Lilianne’s frown deepens. “That doesn’t sound like admitting it when you’re wrong.”
“All right, let’s try it this way: this is my family.
It’s big and it’s weird and it’s mine. When Darren died, I thought that was it for me and having a family I could call my own.
Now that I have one again, I’m holding on to it if it kills me.
Which it has, a few times. They didn’t let those timelines stand, which I appreciate, since I like being alive better than I like the idea of being dead. ”
“This is … The way you people talk about dying, it’s…”
“It’s what the alchemists have been working toward this whole time. And the light shall guide us home,” says Erin. “Isn’t this what you wanted? Isn’t this why you came to Berkeley? Because you wanted to hold the reins of creation in your hands and see where the ride would take you?”
“You make alchemy sound like magic.”
“I guess I do.” Erin looks at her levelly. “There have been a lot of words for the sort of things alchemy can do, across the centuries. Some places called it magic. But you know what other places called it?”
“No, what?”
“Miracles.”
The kitchen seems to be where these people conduct most of their important business, maybe because the living room has been so conclusively claimed by video-gaming teens, or maybe just because half this household doesn’t seem capable of surviving more than a few minutes without a cup of coffee in their hands.
Kelpie and Artemis are there already when Erin and Lilianne arrive, both at the table, although it’s clear that they’ve moved since the last time Lilianne saw them; for one thing, they’re not as crammed together.
For another, they both have drinks now, and Artemis has her bow resting on the table next to her coffee.
It shouldn’t exist. Even the bright orange woman beside her is not as much of an offense to the laws of nature.
The bow is translucent where the light hits it, sparkling silver-white, like moonlight that’s been forced into a material form and turned solid.

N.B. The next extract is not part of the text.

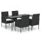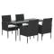 Ensemble à manger de jardin coussins 5pcs Noir Résine tresséeProfitez d'un bon repas ou d'un thé l'après-midi dans votre espace extérieur avec cet ensemble de salle à manger de jardin ! Matériau résistant aux intempéries : la résine tressée, également connue sous le nom de rotin poly, résiste aux intempéries et est facile à nettoyer. Elle reste belle à l'extérieur pendant une longue période. Elle offre une excellente qualité, commodité et un aspect esthétique. Cadre robuste : les cadres en acier enduit de poudre rendent l'ensemble de salle à manger d'extérieur robuste et stable pour une utilisation quotidienne à l'extérieur. Dessus de table pratique : le dessus lisse de la table de salle à manger est en verre trempé, facile à nettoyer avec un chiffon humide. De plus, le dessus robuste est parfait pour placer des repas, des boissons et d'autres objets décoratifs. Design confortable : conçues avec des dossiers et des accoudoirs incurvés, ces chaises d'extérieur offrent un maximum de confort. Confort supplémentaire : les coussins bien rembourrés offrent un confort ultime pendant votre temps d'assise. Remarque : Afin de prolonger la durée de vie de votre mobilier d'extérieur, nous vous recommandons de le protéger avec une housse imperméable. Chaque produit est livré avec un manuel de montage dans la boîte pour un montage facile. Maximum 110 kg par siège. Soyez conscient du risque de feu ouvert et d'autres sources de forte chaleur à proximité de l'appareil.

The sunlight should be enough to dispel a weapon made of moonlight, and Lilianne can’t stop herself from staring.
Artemis sees where her attention is focused and smirks.
“I’m the first Artemis in more than a century who’s had her hind by her side,” she says.
“She runs the skies ahead of me, she gives me something to chase and be restored by, and her presence makes me stronger. I can pull my bow in the daylight when I need to.”
“Or when you’re trying to show off for some random alchemist,” says Kelpie. “She wasn’t part of the team that made me. Stop working so hard to scare her.”
“I don’t want to scare her. I just want her to understand that I could kill her without breaking a sweat if I needed to, and be respectful.”